> [Your task]: Leave the pictures out. Retype exactly the lines below from the one containing "Zamiast przygotowywać dwie" through the one containing "Замок JWM серії", and no others.

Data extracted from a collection
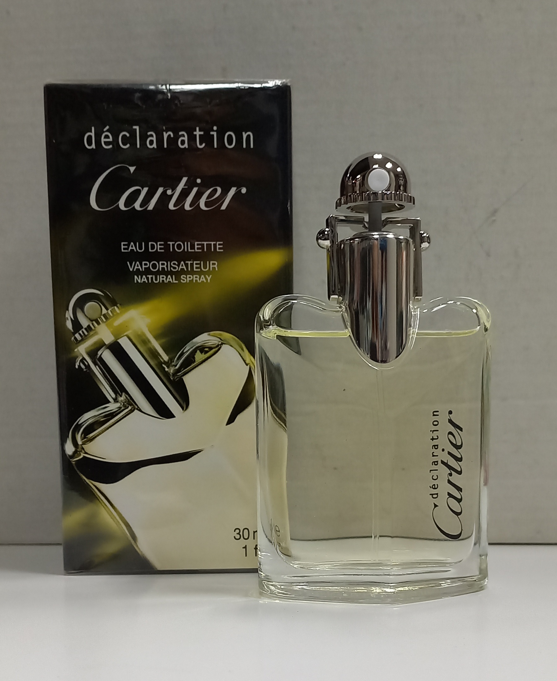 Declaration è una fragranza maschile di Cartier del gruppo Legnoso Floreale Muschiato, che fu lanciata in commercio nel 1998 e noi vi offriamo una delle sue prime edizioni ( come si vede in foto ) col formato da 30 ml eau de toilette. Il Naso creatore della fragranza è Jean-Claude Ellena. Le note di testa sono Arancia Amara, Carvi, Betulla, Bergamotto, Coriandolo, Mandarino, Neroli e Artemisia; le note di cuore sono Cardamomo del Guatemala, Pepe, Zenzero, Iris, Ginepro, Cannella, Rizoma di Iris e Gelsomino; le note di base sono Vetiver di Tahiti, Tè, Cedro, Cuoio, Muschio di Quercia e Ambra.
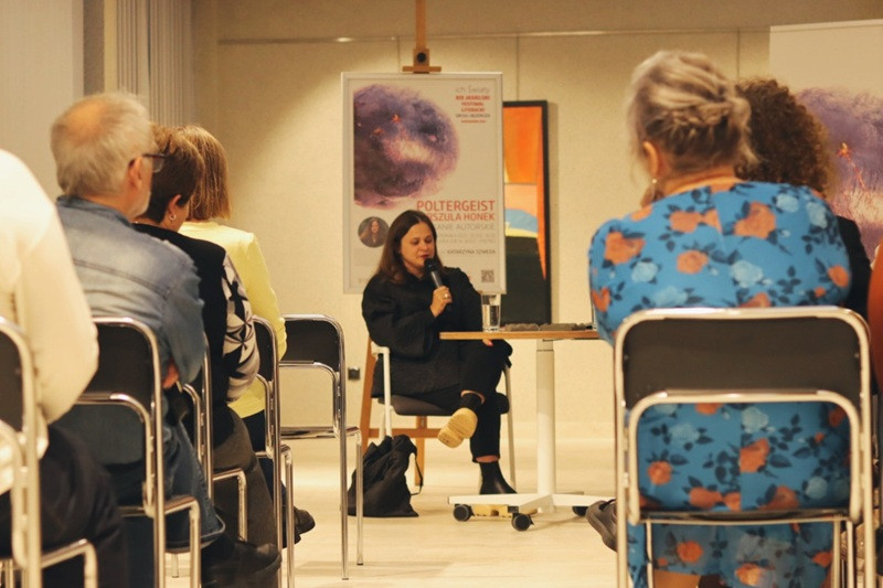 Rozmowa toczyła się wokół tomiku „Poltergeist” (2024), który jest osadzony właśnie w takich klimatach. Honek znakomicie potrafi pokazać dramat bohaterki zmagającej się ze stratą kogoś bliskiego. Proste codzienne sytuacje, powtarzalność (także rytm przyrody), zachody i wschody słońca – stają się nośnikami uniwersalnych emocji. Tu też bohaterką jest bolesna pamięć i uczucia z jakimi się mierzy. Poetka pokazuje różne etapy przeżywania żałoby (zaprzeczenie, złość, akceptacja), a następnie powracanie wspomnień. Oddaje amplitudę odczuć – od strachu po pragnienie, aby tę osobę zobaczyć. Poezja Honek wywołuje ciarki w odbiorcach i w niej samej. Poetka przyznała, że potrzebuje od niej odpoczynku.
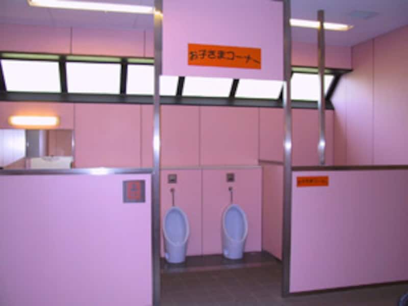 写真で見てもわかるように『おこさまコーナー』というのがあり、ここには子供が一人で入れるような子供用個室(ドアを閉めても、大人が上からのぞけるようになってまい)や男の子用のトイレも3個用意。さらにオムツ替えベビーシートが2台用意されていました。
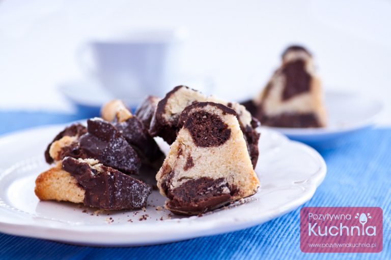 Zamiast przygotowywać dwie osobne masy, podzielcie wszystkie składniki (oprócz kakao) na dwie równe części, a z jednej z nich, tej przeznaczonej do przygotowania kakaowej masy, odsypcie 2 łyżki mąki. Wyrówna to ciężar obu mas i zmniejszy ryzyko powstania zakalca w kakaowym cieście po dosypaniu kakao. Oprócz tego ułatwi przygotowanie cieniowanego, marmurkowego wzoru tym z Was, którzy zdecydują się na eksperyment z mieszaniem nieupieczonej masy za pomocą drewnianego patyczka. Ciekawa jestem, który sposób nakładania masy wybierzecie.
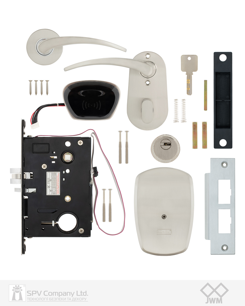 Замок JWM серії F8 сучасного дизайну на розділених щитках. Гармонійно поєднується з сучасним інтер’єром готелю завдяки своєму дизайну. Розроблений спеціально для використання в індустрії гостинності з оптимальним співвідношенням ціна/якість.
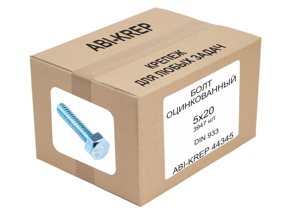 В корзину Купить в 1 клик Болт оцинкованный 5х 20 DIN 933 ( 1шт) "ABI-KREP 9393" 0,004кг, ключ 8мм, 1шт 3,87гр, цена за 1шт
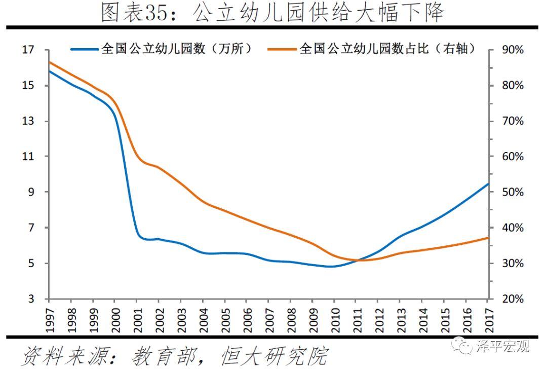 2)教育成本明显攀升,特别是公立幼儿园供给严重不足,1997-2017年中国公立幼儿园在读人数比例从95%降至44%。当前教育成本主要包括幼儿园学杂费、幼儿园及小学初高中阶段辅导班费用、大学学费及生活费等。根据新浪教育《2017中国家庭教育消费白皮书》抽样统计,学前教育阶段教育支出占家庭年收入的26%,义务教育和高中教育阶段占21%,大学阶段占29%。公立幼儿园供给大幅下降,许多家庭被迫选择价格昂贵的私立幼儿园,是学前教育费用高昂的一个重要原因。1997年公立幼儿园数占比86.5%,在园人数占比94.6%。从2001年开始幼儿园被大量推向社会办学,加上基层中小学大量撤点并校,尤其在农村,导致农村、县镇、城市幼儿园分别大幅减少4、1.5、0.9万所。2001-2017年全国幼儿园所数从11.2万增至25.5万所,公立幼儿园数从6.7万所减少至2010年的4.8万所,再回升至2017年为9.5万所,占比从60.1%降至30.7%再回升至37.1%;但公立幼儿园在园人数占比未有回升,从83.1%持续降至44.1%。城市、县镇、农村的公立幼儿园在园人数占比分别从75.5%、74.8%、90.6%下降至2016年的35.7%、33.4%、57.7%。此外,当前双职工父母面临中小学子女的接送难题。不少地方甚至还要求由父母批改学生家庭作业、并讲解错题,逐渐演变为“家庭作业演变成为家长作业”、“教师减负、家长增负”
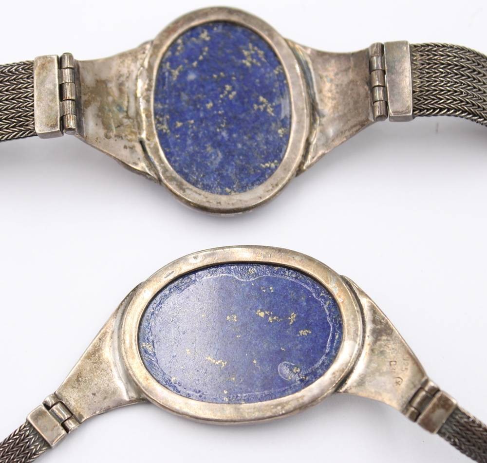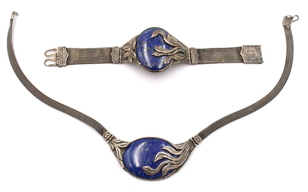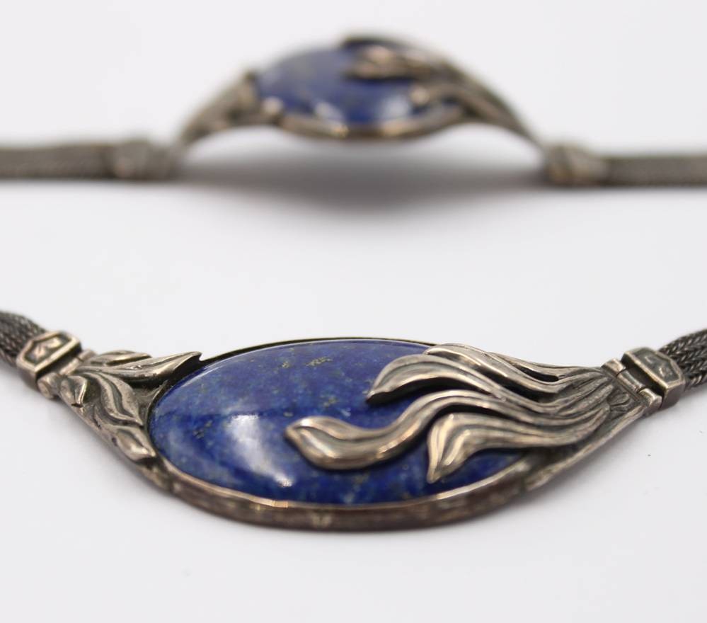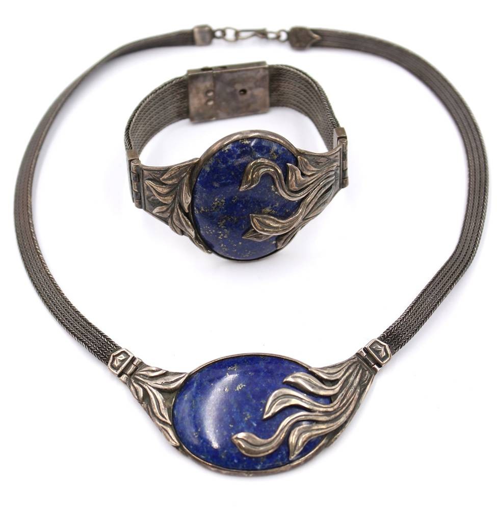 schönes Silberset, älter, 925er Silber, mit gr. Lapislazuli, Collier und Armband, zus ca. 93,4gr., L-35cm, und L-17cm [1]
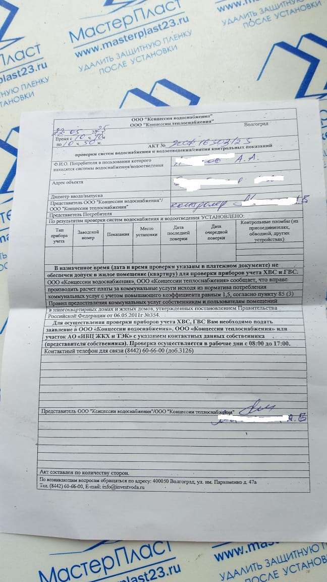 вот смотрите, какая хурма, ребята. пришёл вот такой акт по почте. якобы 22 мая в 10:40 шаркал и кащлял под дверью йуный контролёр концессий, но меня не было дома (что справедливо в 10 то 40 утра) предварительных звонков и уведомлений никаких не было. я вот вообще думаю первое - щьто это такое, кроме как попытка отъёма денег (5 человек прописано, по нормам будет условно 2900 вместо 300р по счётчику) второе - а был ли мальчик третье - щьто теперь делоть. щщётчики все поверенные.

> [Answer box]:
 Zamiast przygotowywać dwie osobne masy, podzielcie wszystkie składniki (oprócz kakao) na dwie równe części, a z jednej z nich, tej przeznaczonej do przygotowania kakaowej masy, odsypcie 2 łyżki mąki. Wyrówna to ciężar obu mas i zmniejszy ryzyko powstania zakalca w kakaowym cieście po dosypaniu kakao. Oprócz tego ułatwi przygotowanie cieniowanego, marmurkowego wzoru tym z Was, którzy zdecydują się na eksperyment z mieszaniem nieupieczonej masy za pomocą drewnianego patyczka. Ciekawa jestem, który sposób nakładania masy wybierzecie.
 Замок JWM серії F8 сучасного дизайну на розділених щитках. Гармонійно поєднується з сучасним інтер’єром готелю завдяки своєму дизайну. Розроблений спеціально для використання в індустрії гостинності з оптимальним співвідношенням ціна/якість.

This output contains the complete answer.